Inside the Name Re: “Dazzled by Design,” by John P. Klingman. June 2007 issue. Thank you as usual for John Klingman’s characteristically wonderful article outlining the best of this year’s architecture.
Having grown up with David Dillon’s weekly Dallas Morning News architectural review (a city never lacking for new architecture from exciting to excruciating), it’s satisfying to be reminded that New Orleans gets its share of innovation, made all the more complex by the fact that given the context here the stakes are, I dare say, a bit higher. Mr. Klingman’s insights have been appreciated by this reader for the last decade, and well beyond.
One small point regarding the Lakeside Camera Photoworks project: “Zandenewman Design” is actually “Zande+Newman Design, named for its two principals, Michelle Zande and myself.
Environmental Graphic Design is a somewhat emerging field embracing a number of design disciplines including graphic, architectural, interior, landscape, and industrial design, all concerned with the visual aspects of wayfinding, communicating identity and information and shaping the idea of place. As New Orleans’ leading practitioner in this field, Zande+Newman is not only very excited about having been involved in this collaboration with Lakeside’s eminent architect Errol Barron and gracious owner David Guidry, but is grateful to have been associated with Mr. Klingman’s picks for the year.
Adam Newman New Orleans
Ed. Reply: Thank you. Your comments certainly add a + to the discussion.
Missed Business Imagine our astonishment when we read your article (Re: Business in Their Blood,” Meyer the Hatter profile, by Sarah Ravits. June 2007 issue).

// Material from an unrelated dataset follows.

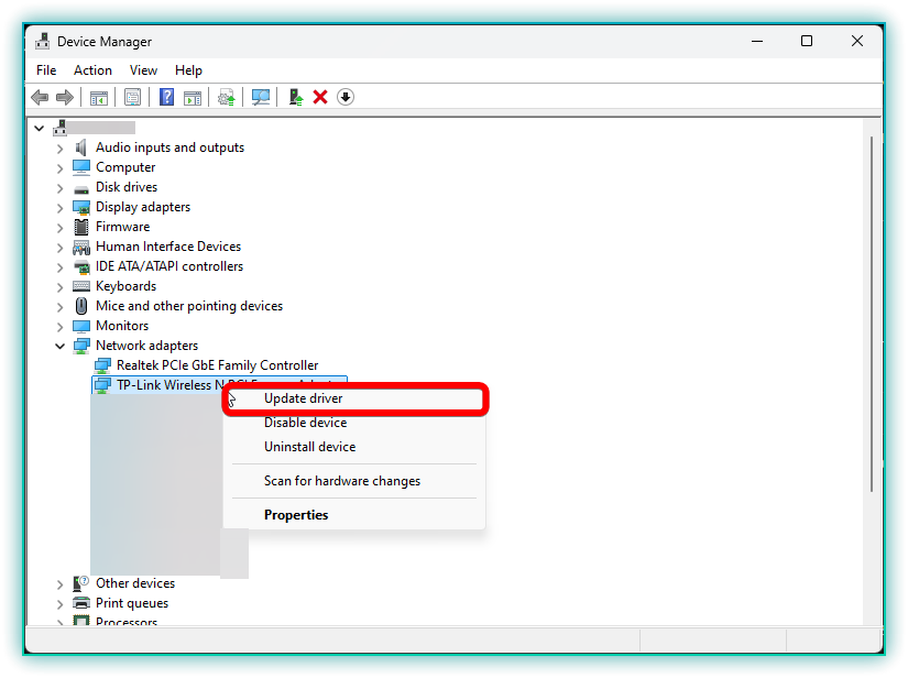 - Right-click on your wireless adapter (it may include “Wireless” or “WiFi” in its name) and select Update driver.

The history of Meyer the Hatter was incorrectly reported in this article. Andrew P. Meyer had two sons, Samuel H. Meyer II (mentioned in your article) and William A. Meyer, Sr. who was apparently omitted from your article. Both Sam and William are co-owners of Meyer the Hatter.
William, known to many in the community as “Bill” worked in his father’s hat store for over 60 years before deciding to retire from the day to day operations after Hurricane Katrina. However, Bill is still very much a part of the Meyer the Hatter business since he is a 50 percent owner.

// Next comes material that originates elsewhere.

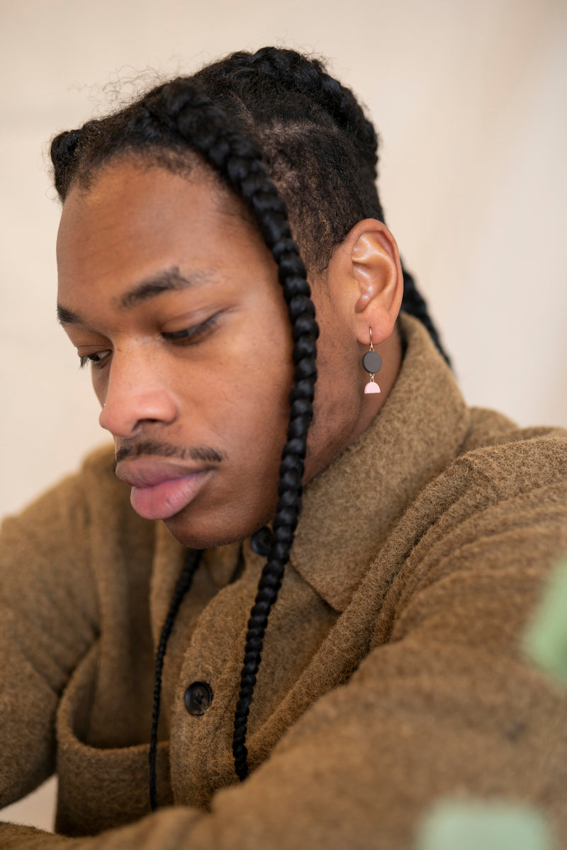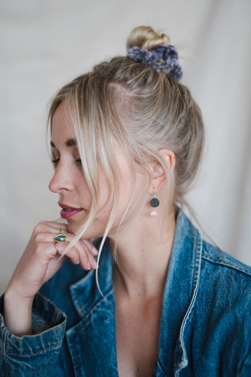 - Earrings come in a reusable organic cotton pouch.

We feel this is an injustice to your magazine’s readers and subscribers, since many of them grew up in the New Orleans community traditionally purchasing their hats from our father, Bill.
We do not blame your magazine for this error for you only report the information you are given. However, your readers need to know the facts. To the loyal customers my father has served over the years, he is doing well and continues to live in the great city of New Orleans.
Nancy Meyer Hardenstein William A. Meyer, Jr. Robert M. Meyer
Ed. Note: There was no intention to slight William Meyer. The purpose of the feature was to show various combinations of fathers and sons who are presently in the the same business as is true of Sam Meyer and his sons. William Meyer should have been mentioned within the context of the article. We regret the oversight.